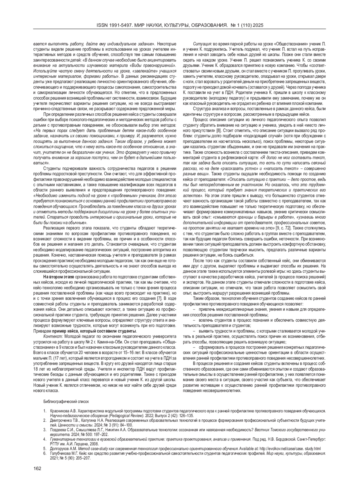 9. Красникова А.В. Кейс-технология в развитии субъектной позиции будущего учителя в осуществлении ранней профилактики противоправного поведения обучающихся. Материалы Международной научно-практической конференции. Томск: ТГПУ, 2024: 68-73. EDN: FHKGFS
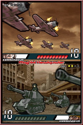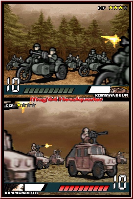 Neu bei Advance Wars Dark Conflict ist die Ko Situation. Natürlich gibt es wieder einmal verschiedene Ko´s, die jeweils unterschiedliche Eigenschaften an den Tag legen. Neu ist nun, das der Ko nicht über die gesamte Armee Einfluß nimmt und seine Gabe steigert. Man muß den Ko auf der Fabrik, Flughafen oder Seehafen auf eine Einheit zuordnen. Dazu wählt man die gewünschte Einheit aus (zweimal A drücken und den Punkt "Ko" auswählen) und kann nun optisch an dem Ausrufezeichen, seine Führungseinheit erkennen. Diese Einheiten haben nun gegenüber vergleichbaren gegnerischen Truppen einen Vorteil, was Offensive und Verteidigung betrifft. Bitte nicht verwechseln mit Unverwundbarkeit. Auch diese Einheit ist zu vernichten, es dauert nur etwas länger. Die Ko Einheit steigert nun ihre Gabenleiste, wenn sie erfolgreich agiert und wenn sie gefüllt ist, kann die Gabe eingesetzt werden. Verliert ihr aber die Ko Einheit, müßt ihr eine neue produzieren und mit dieser wieder von vorn beginnen, was die Fülle der Gabenleiste betrifft. In meinen Augen ist das ein Schritt in die richtige Richtung, denn so wird es ein wenig spannender und man muß auf diese Ko Einheit ein wenig mehr Acht geben. Auch normale Einheiten können ihre Wertigkeit steigern, wenn sie erfolgreich kämpfen. Insgesamt gibt es drei Stufen der Aufwertung, was sie im Kampf ein klein wenig bevorteilt.
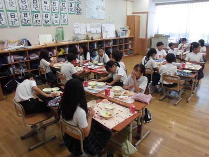 班の友だちと食べる給食は美味しいですね。
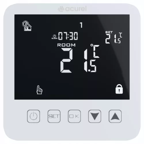 Termostat Acurel HY08WE (AD121) umożliwia dostosowanie różnej temperatury w różnych interwałach czasowych jak i programowanie regulatora w trybie 7 dni, 6+1 dni, 5+2 dni dzięki czemu staje się idealnym narzędziem do stworzenia komfortu cieplnego na miarę Twojego domu oraz potrzeb Twojej rodziny.
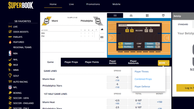 - Weak game prop variety: SuperBook is essentially a blank slate in terms of game props, offering only a handful of pre-made combos. There are no options for first basket scorers or team totals.
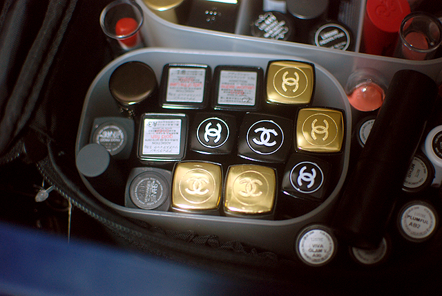 I couldn’t fit a container in this little pocket in the same row, so here, I just have my MAC (8), shu uemura (2), and Make Up Store (1) lipsticks.

▶ _What you need to do_
All of the data above should be printed again exactly, though none of the pictures belong in the copy.

▶ _Exercise output_
 9. Красникова А.В. Кейс-технология в развитии субъектной позиции будущего учителя в осуществлении ранней профилактики противоправного поведения обучающихся. Материалы Международной научно-практической конференции. Томск: ТГПУ, 2024: 68-73. EDN: FHKGFS
 Neu bei Advance Wars Dark Conflict ist die Ko Situation. Natürlich gibt es wieder einmal verschiedene Ko´s, die jeweils unterschiedliche Eigenschaften an den Tag legen. Neu ist nun, das der Ko nicht über die gesamte Armee Einfluß nimmt und seine Gabe steigert. Man muß den Ko auf der Fabrik, Flughafen oder Seehafen auf eine Einheit zuordnen. Dazu wählt man die gewünschte Einheit aus (zweimal A drücken und den Punkt "Ko" auswählen) und kann nun optisch an dem Ausrufezeichen, seine Führungseinheit erkennen. Diese Einheiten haben nun gegenüber vergleichbaren gegnerischen Truppen einen Vorteil, was Offensive und Verteidigung betrifft. Bitte nicht verwechseln mit Unverwundbarkeit. Auch diese Einheit ist zu vernichten, es dauert nur etwas länger. Die Ko Einheit steigert nun ihre Gabenleiste, wenn sie erfolgreich agiert und wenn sie gefüllt ist, kann die Gabe eingesetzt werden. Verliert ihr aber die Ko Einheit, müßt ihr eine neue produzieren und mit dieser wieder von vorn beginnen, was die Fülle der Gabenleiste betrifft. In meinen Augen ist das ein Schritt in die richtige Richtung, denn so wird es ein wenig spannender und man muß auf diese Ko Einheit ein wenig mehr Acht geben. Auch normale Einheiten können ihre Wertigkeit steigern, wenn sie erfolgreich kämpfen. Insgesamt gibt es drei Stufen der Aufwertung, was sie im Kampf ein klein wenig bevorteilt.
 班の友だちと食べる給食は美味しいですね。
 Termostat Acurel HY08WE (AD121) umożliwia dostosowanie różnej temperatury w różnych interwałach czasowych jak i programowanie regulatora w trybie 7 dni, 6+1 dni, 5+2 dni dzięki czemu staje się idealnym narzędziem do stworzenia komfortu cieplnego na miarę Twojego domu oraz potrzeb Twojej rodziny.
 - Weak game prop variety: SuperBook is essentially a blank slate in terms of game props, offering only a handful of pre-made combos. There are no options for first basket scorers or team totals.
 I couldn’t fit a container in this little pocket in the same row, so here, I just have my MAC (8), shu uemura (2), and Make Up Store (1) lipsticks.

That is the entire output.